EFF vs Zuma battle headed to ConCourt

EFF says it's taking Zuma to the ConCourt to make him comply with the Public Protector’s remedial action.

EFF leader Julius Malema kept pushing President Jacob Zuma on the Nkandla issue in parliament on 06 August 2015. Picture: Thomas Holder/EWN

CAPE TOWN - Economic Freedom Fighters (EFF) leader Julius Malema says his party is taking President Jacob Zuma to the Constitutional Court to make him comply with the Public Protector's remedial action.

Malema has rejected Police Minister Nkosinathi Nhleko's report on the spending debacle and has slammed the Parliamentary committee considering his findings.

Nhleko's report found Zuma didn't owe anything for the security upgrades to his private home in Nkandla, contradicting the Public Protector's findings.

Nhleko's report contradicts the public protector's findings that Zuma benefited unduly from the non-security features which formed part of the R246 million project.

Ruling party Members of Parliament (MPs) pushed to adopt the police minister's report earlier this evening, despite the opposition recommending they reject it.

Malema says it's time for action.

"So we've spoken it's enough now. We need a clear action by the Constitutional Court."

Malema said he will be taking his party's "pay back the money" campaign to the Constitutional Court.

"He must comply; failure to comply the court will make him comply."

Malema, fresh from Polokwane, where his corruption case was struck off the roll, told the President the only legitimate report on the Nkandla spending debacle was drafted by the Public Protector.

He has rejected Nhleko's findings that Zuma doesn't owe anything for the upgrades.

President Zuma told MPs in the National Assembly on Thursday afternoon that asking him to repay the money which was spent on upgrading his home was premature.

"I'll respond further to the debate around this matter once all processes have been concluded."

He said a parliamentary ad-hoc committee was still dealing with the matter.

Earlier, MPs on the ad-hoc committee on Nkandla clashed over their findings and recommendations, with opposition members arguing for more time to finalise their input.


Zuma has been accused of violating the separation of powers by allowing Sudanese President Omar al-Bashir t o leave the country during the African Union (AU) summit.

During the president's question and answer session, Democratic Alliance's (DA) leader Mmusi Maimane asked Zuma to explain why al-Bashir was allowed to leave after promising in Parliament in 2010 to respect international law.
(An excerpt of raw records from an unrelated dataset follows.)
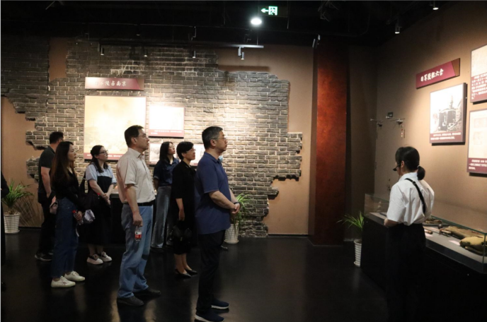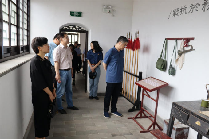 全體人員首先來到六合竹鎮(zhèn)市抗日民主政府舊址。1939 年8月,新四軍五支隊(duì)在羅炳輝司令員的率領(lǐng)下挺進(jìn)竹鎮(zhèn),開辟了以竹鎮(zhèn)為中心的抗日根據(jù)地,自此六合地區(qū)的抗日烽火在這里燃燒起來。竹鎮(zhèn)市抗日民主政府是南京地區(qū)最早建立的抗日民主政權(quán)和人民政權(quán),一張張泛黃的圖片、一件件將士們在戰(zhàn)場使用過的子彈、衣物,全體人員認(rèn)真聆聽工作人員的講解,仔細(xì)閱讀了紀(jì)念館內(nèi)的相關(guān)材料,對英雄先烈們當(dāng)時在極其艱苦的條件下,團(tuán)結(jié)和領(lǐng)導(dǎo)各界軍民進(jìn)行抗日支前運(yùn)動,有力地配合了新四軍抗日軍事斗爭的事跡有了完整的認(rèn)識。
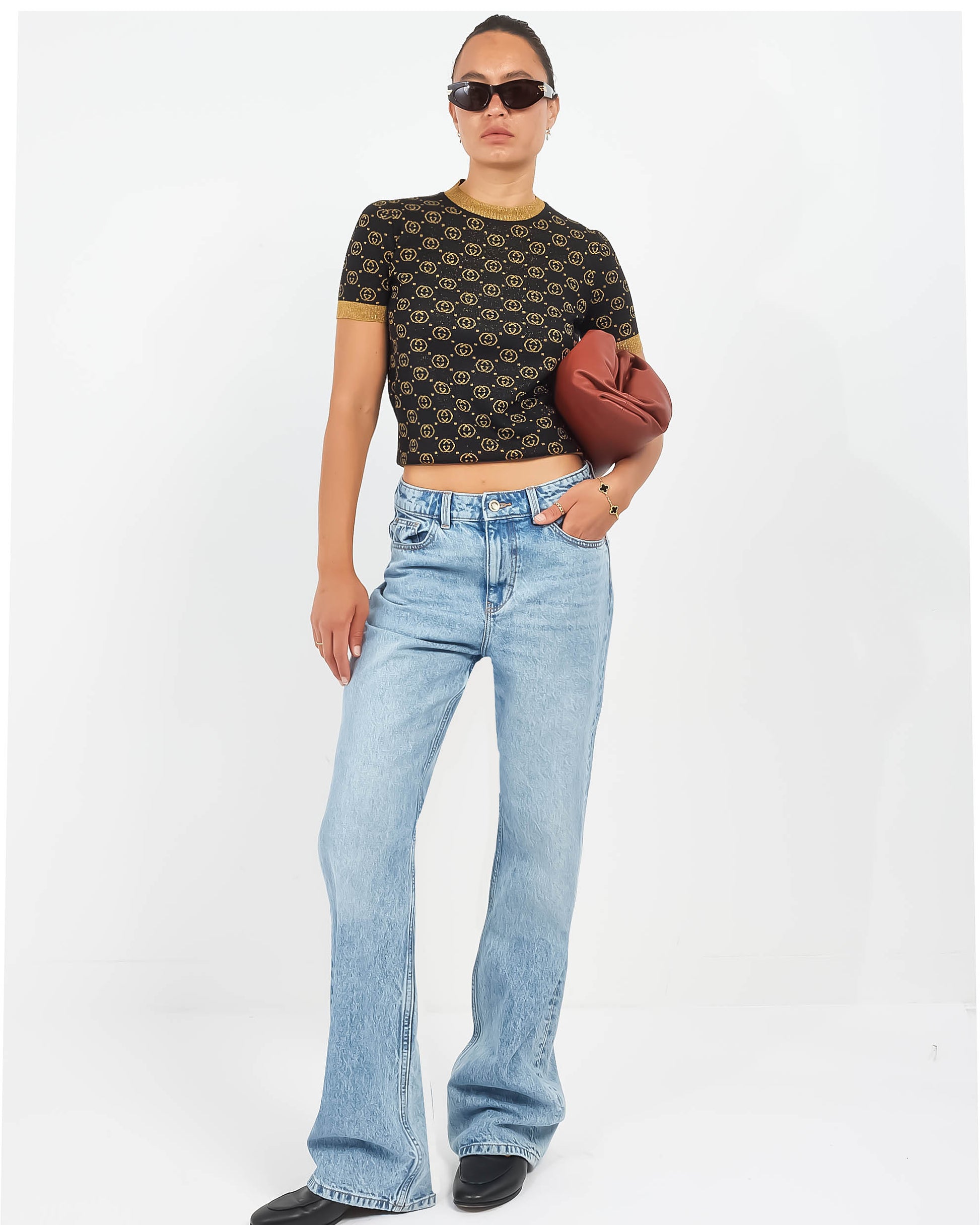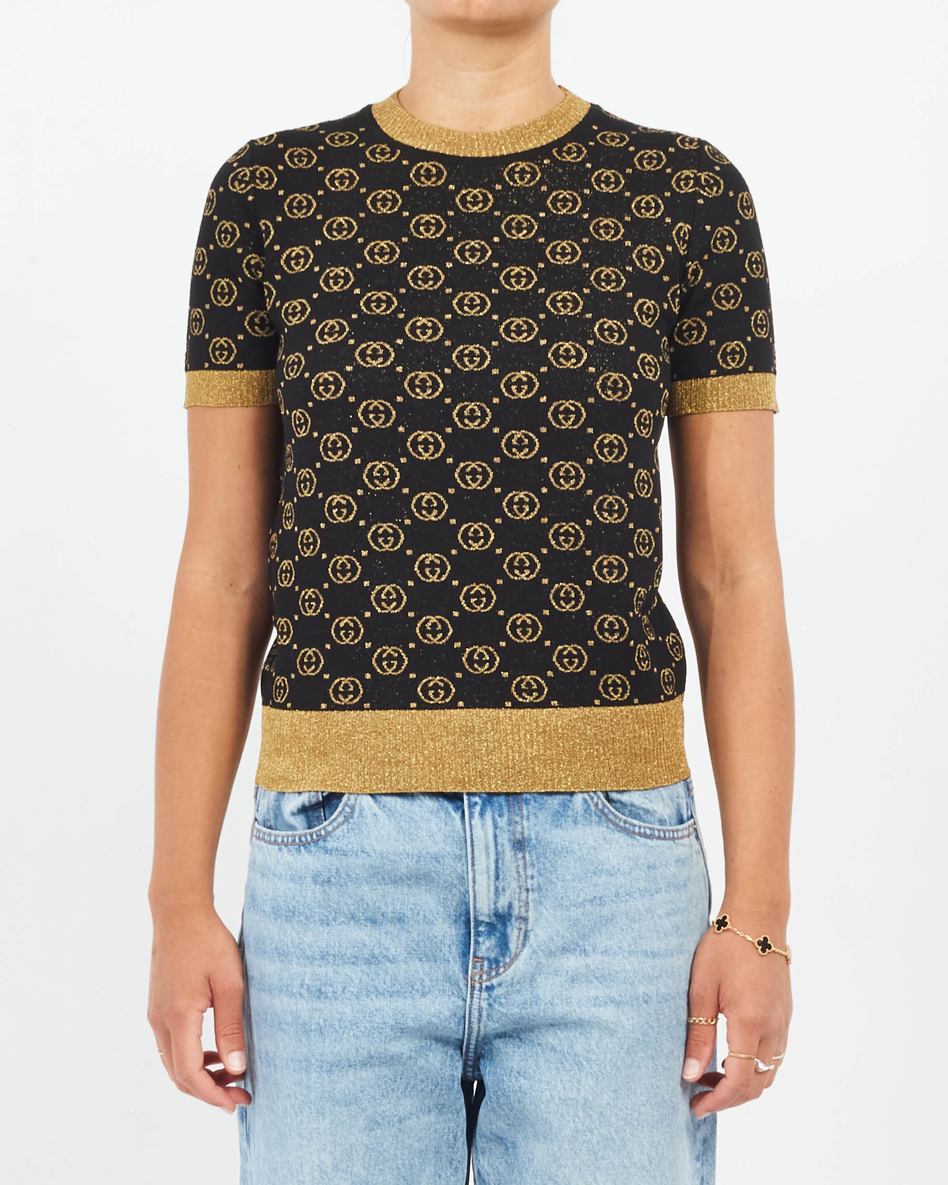 Explore Gucci's exquisite collection of clothing, featuring this certified pre-owned Black & Gold Sparkle Knit Monogram Sweater Top - XS. Embodying timeless elegance and modern sustainability, each piece, including favorites like this, is authenticated by Retyche. Discover sustainable luxury — shop our current treasures or find inspiration for your next coveted find.
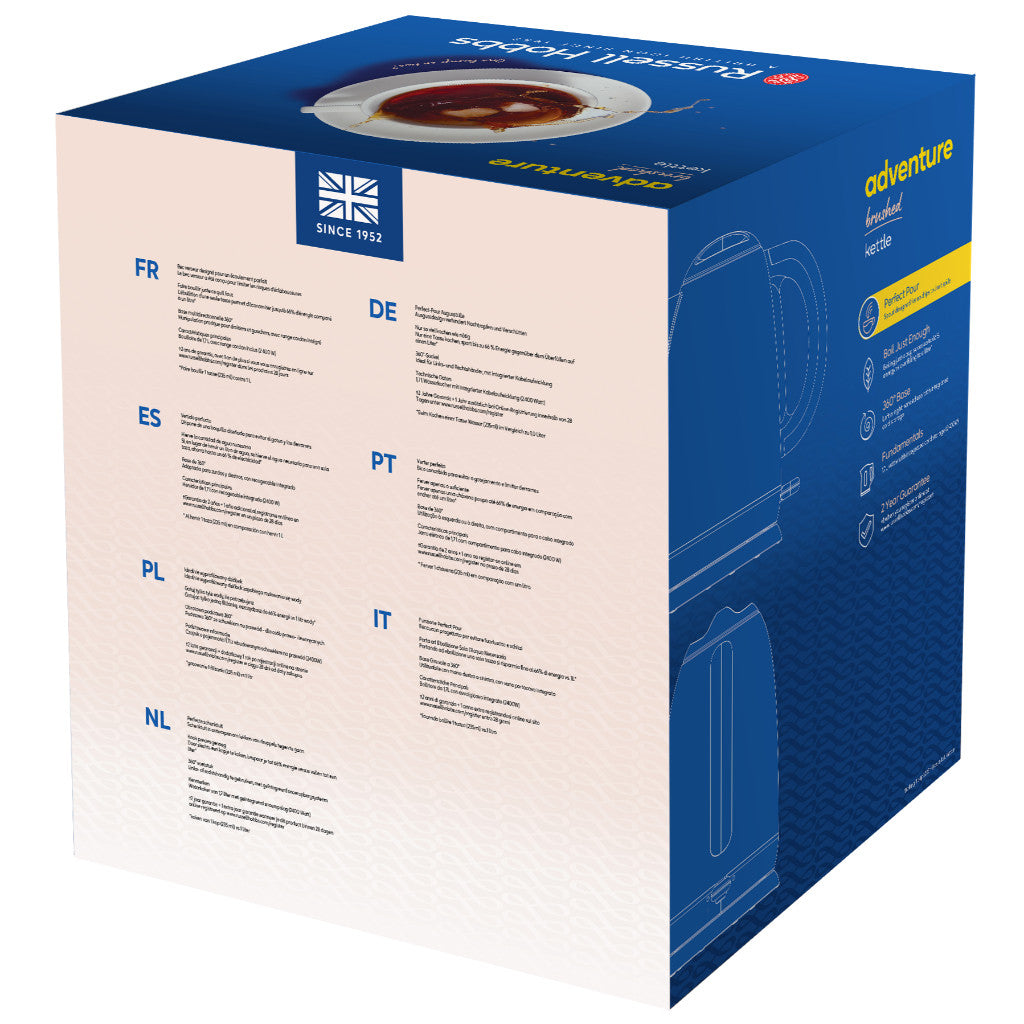 Dry-run/ overheating protection, automatic boiling stop and manual switch-off option, internal water level indicator.
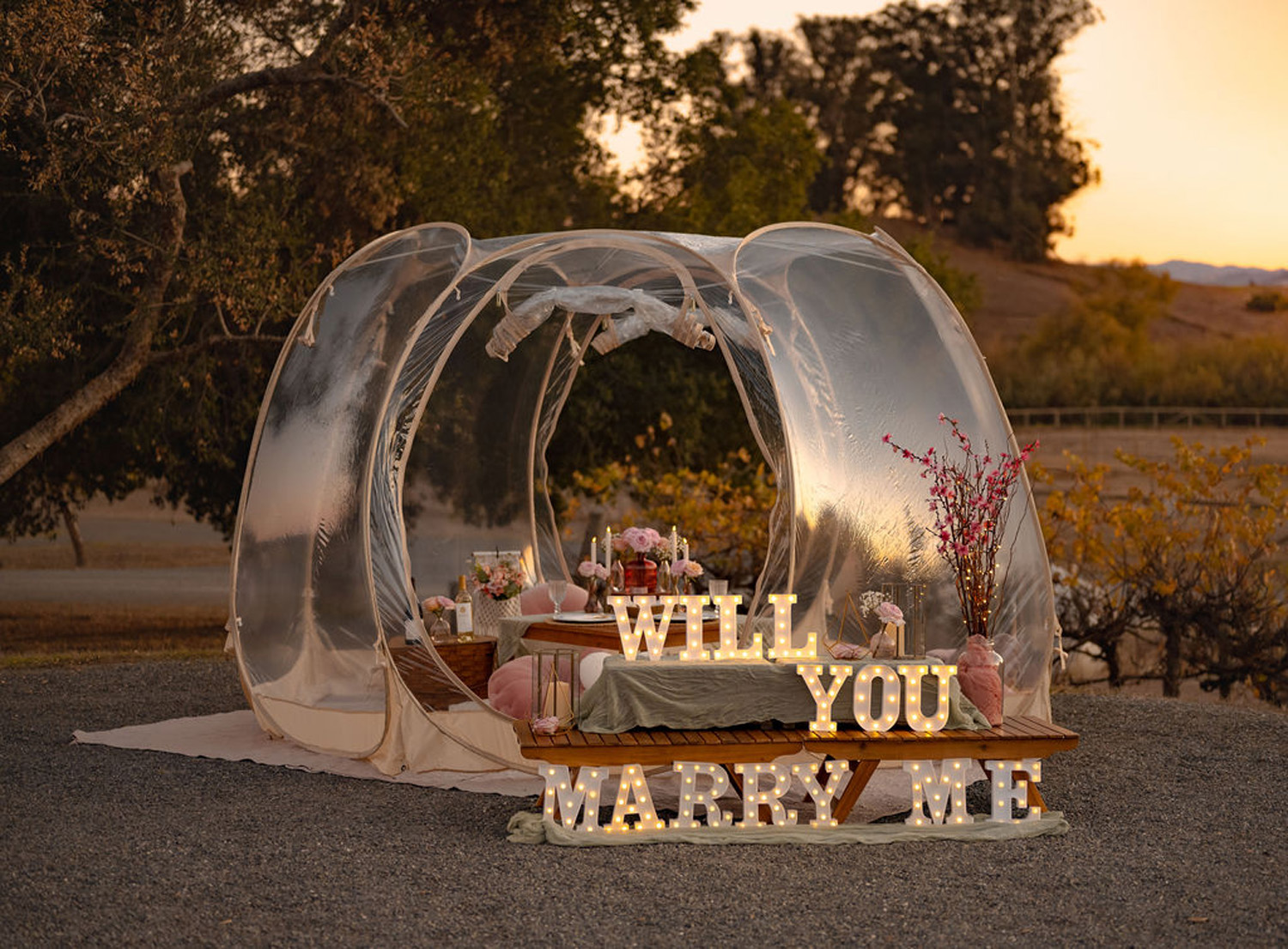 Proposal with Igloo Tent and Small Marquee Letters
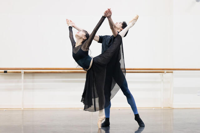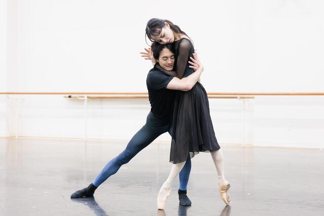 舞踏会で初めて出会い、惹かれ合ったふたりが互いの気持ちを交わすシーンから、バルコニーの場面、ジュリエットの寝室での別れの朝、そして墓場でのラストシーンまで、パ・ド・ドゥを順に踊っていきます。初演キャストの秋山はまさに全身全霊を打ち込むような踊り! 彼女につられるように、初役である大塚の集中力も増し、ふたりの情熱がぶつかり合います。
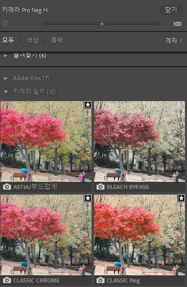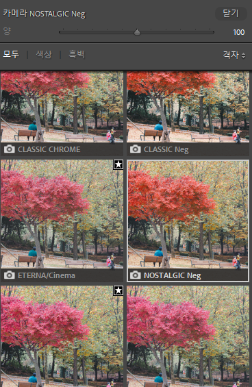 라이트룸에서 필름 시뮬레이션을 프로필 형태로 지원해주고 있지만, 이 역시도 사용 중인 기종에 해당되는 필름 시뮬레이션만 지원해주고 있기 때문에 뭔가 살짝 아쉬움이 남습니다.
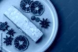 Nougat or white caramel with hazelnuts and pistachios and citrus pieces. White nougat with nuts
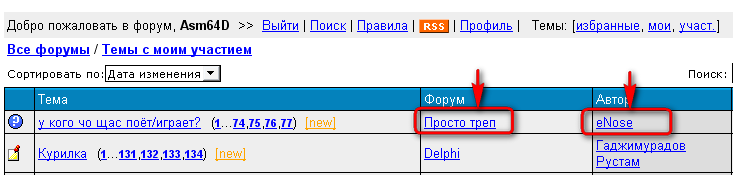 Сортировка в Темы с моим участием по форуму и автору темы
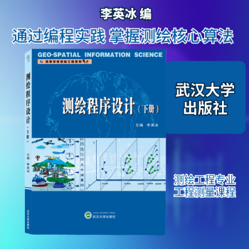 图书简介 | | 本书共分为5篇,分为上下两册,本书是下册,全书分为第3篇进阶篇、第4篇竞赛篇和第5篇创新篇,共40章。选题内容包含卫星定位、地理信息、摄影测量、工程测量、大地测量、测量平差、地图制图等测绘相关课程的知识点或者运算方法的编程,并且在GitHub上给出了参考源程序。 |
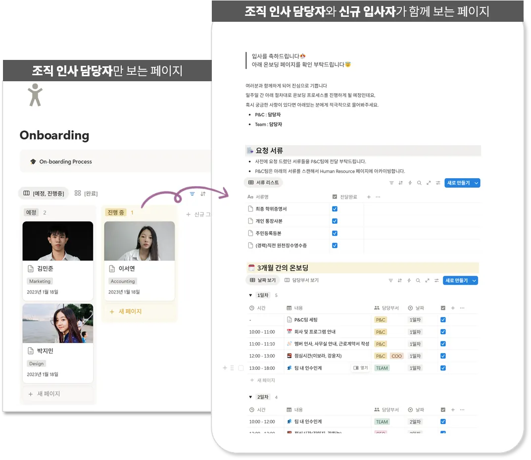 인사 담당자는 메인 온보딩 페이지와 세부페이지를 보면서 전체적으로 관리하고,
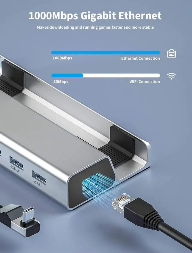 The Ethernet Port supports a maximum of 1000Mbps. When you connect the docking station to the Internet cable, you can download games faster and watch videos more smoothly.
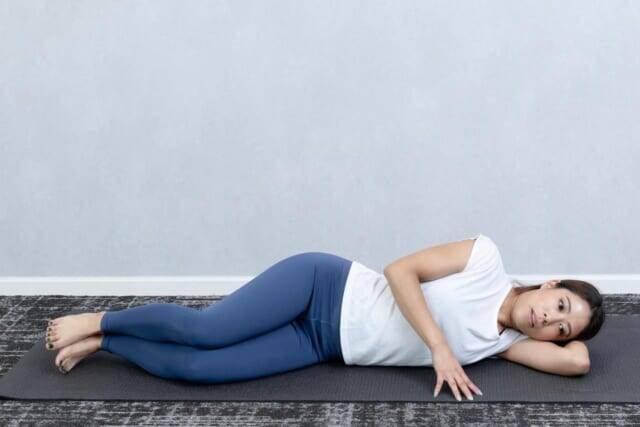 反対側も同様に実践します。なお、期待する効果をきちんと得るためには「かかとをくっつけたまま行うこと」、「骨盤を床に対して垂直にキープすること」がポイントです。骨盤まわりが安定すると、ヒップの位置や脚のラインまで自然と整って見えるように。鏡の前で感じる下半身の印象が、少しずつ変わってくるはずです。<ピラティス監修:Minami(トレーナー歴4年)>
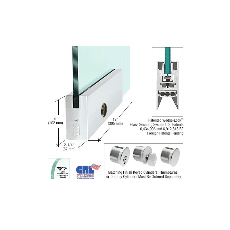 DR4SSA34PL CRL Profil de porte carr, avec serrure, 102 mm (4 po), verre de 19,1 mm (3/4 po) d'paisseur, de type plaque de 305 mm (12 po), anodis satin
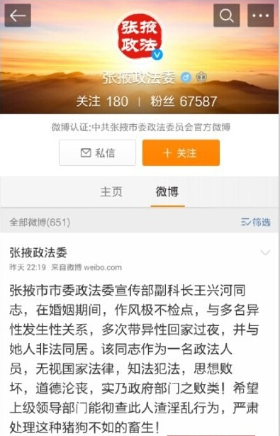 “自我舉報”的原文微博稱,“張掖市市委政法委宣傳部副科長王某某同志,在婚姻期間,作風極不檢點,與多名發生異性發生性關系,多次帶異性回家過夜……希望上級領導部門能徹查此人渣淫亂行為,嚴肅處理這種豬狗不如的畜生。”
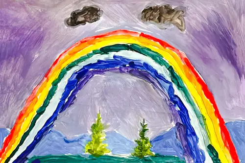 Это мой район, где я живу. Здесь всегда красиво и весело. Когда идёт дождь, на небе появляется радуга, и она такая яркая и разноцветная! Я люблю смотреть на радугу и мечтать о том, что за ней может быть что-то волшебное.
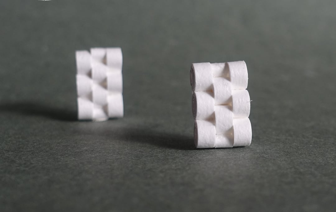 このキットでは、紙を巻いて作品作りをする「ペーパークイリング」という手法で、美しい白いピアス(イヤリング)を作ることができます。

"Mr President, you said South Africa respects international law and certainly are signatories and we would abide by the law."

Zuma responded saying the Sudanese president was in South Africa on AU business.

"Al-Bashir didn't come to South Africa by invitation of South Africa. He came here to do continental business; we have no right to violate the AU rules."

Meanwhile, tempers flared in the National Assembly before Zuma had to answer questions.

There was fierce debate over the order of questions to be put to the president.

EFF accused speaker Baleka Mbete of placing their question about Nkandla last on the paper so that it wouldn't be heard.

Mbuyiseni Ndlozi said, "We want our question to be prioritised because it's as important being the third largest party in this house; that is all we are saying."

The DA's John Steenhuisen disagreed.

"You can't come here and change things around. We will get to the EFF's question… there is no limitation on the president's time, so whether we sit here till 10 o'clock this evening, we will get to the EFF's question."